FUZZ Ты известна как первый отечественный рок-фотограф…

Наташа Васильева: Если строго подходить, то не я, а мой муж, Васильев, первым взял в руки камеру и стал фотографировать на концертах. Но у него это длилось недолго, – видимо, не показалось достаточно интересным… Потом я взяла в руки камеру сама. Других фотографов на тот момент не помню. Конечно, был Вилли Усов, который начал, может быть, даже раньше, – я просто его тогда не знала. Потом как-то пересеклись: концерт АКВАРИУМА, еще один концерт АКВАРИУМА… Но меня другие фотографы интересовали меньше всего, я на них не обращала никакого внимания. Меня интересовали только музыканты, и больше никто. Вообще у меня очень субъективный взгляд на всё, и очень выборочная память; моя персональная хронология состоит из трех цифр: дата моего рождения, дата рождения дочери и дата отъезда в Англию. Их я помню, а насчет всего остального мне надо напрягаться.

FUZZ Но то, что ты первая женщина-рок-фотограф, – факт очевидный.

Наташа: Это точно. Первая, и долгое время – единственная.

FUZZ В те времена рок-н-ролл считался таким же не женским делом, как в XIX веке – профессии врача, учителя, повара…

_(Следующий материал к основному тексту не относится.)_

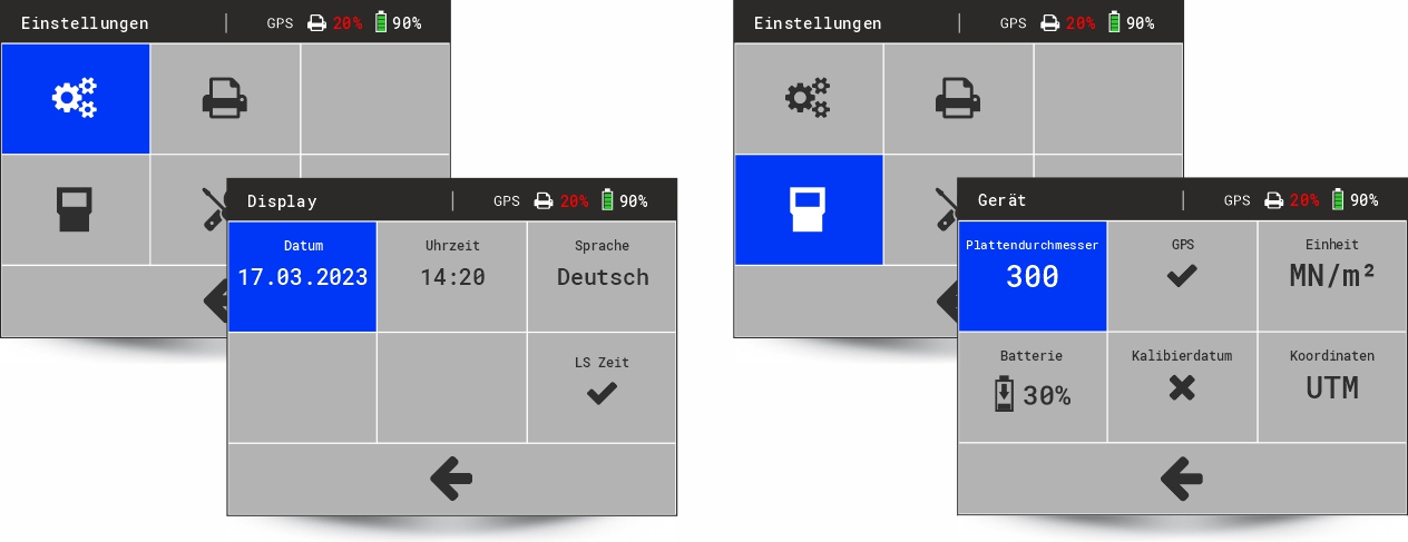 Die Sollwerte der Messpunkte für den Statischen Plattendruckversuch nach DIN 18134 sind im Messgerät hinterlegt und werden in der obersten Zeile angezeigt.
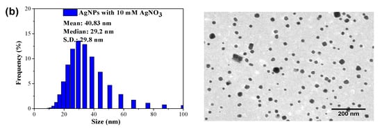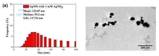 DLS (Dynamic Light Scattering) analyses were performed to evaluate the hydrodynamic diameter of silver nanoparticles (Insets Figure 2). Particle size of nanoparticles prepared with 1 mM AgNO3 solution (Inset Figure 2a) shows a wide distribution (122.7 ± 117.94 nm) whereas for the AgNPs prepared with the 10 mM AgNO3 solution (Inset Figure 2b), the size distribution is narrowed (40.83 ± 29.8 nm). Moreover, in Figure 2a,b, TEM analysis demonstrated that AgNPs prepared with 1 mM AgNO3 solution are multiform in shape (Figure 2a and look like forming agglomerates of particles. In contrast, AgNPs synthesized with 10 mM AgNO3, are fully square, circle and rod forms (Figure 2b) and show homogeneity.

Наташа: Ну, так все профессии, кроме матери и проститутки, изначально были мужскими! И далеко не сразу после того, как появилась, например, женская профессия доктор, в русском языке возникло соответствующее слово «докторша». То же самое – «учительница». А вот слово «фотограф» русский язык пока так и не сумел адаптировать к женскому роду. «Фотографша» или «фотографиня», – это не звучит. Точно так же как нет и слов «шоферша» или «шоферица». То есть эти две профессии – настолько мужские на уровне менталитета, что даже слов нет! А все мои объекты съемки были мужчинами – баб тогда вообще не было на сцене, – а раз они мужчины, то меня они воспринимали только с одной точки зрения. Им было все равно, фотограф я или нет, и это иногда было очень противно. Двадцать лет своей жизни я потратила, чтоб убедить окружающую среду в том, что я умею что-то еще, кроме как расставлять ноги по требованию. Что я – фотограф, а то, что у меня еще и титьки есть – вторично. Ну, для меня это так. Пришлось очень долго убеждать, что я таскаюсь с группой в тьмутаракань, потому что мне интересно фотографировать на сцене и продавать свои фотографии, а не зачем-то еще. Это был нелегкий процесс, но завершился он, в общем-то, успехом. Теперь-то полно женщин-фотографов, и журналисты есть, и видеооператоры…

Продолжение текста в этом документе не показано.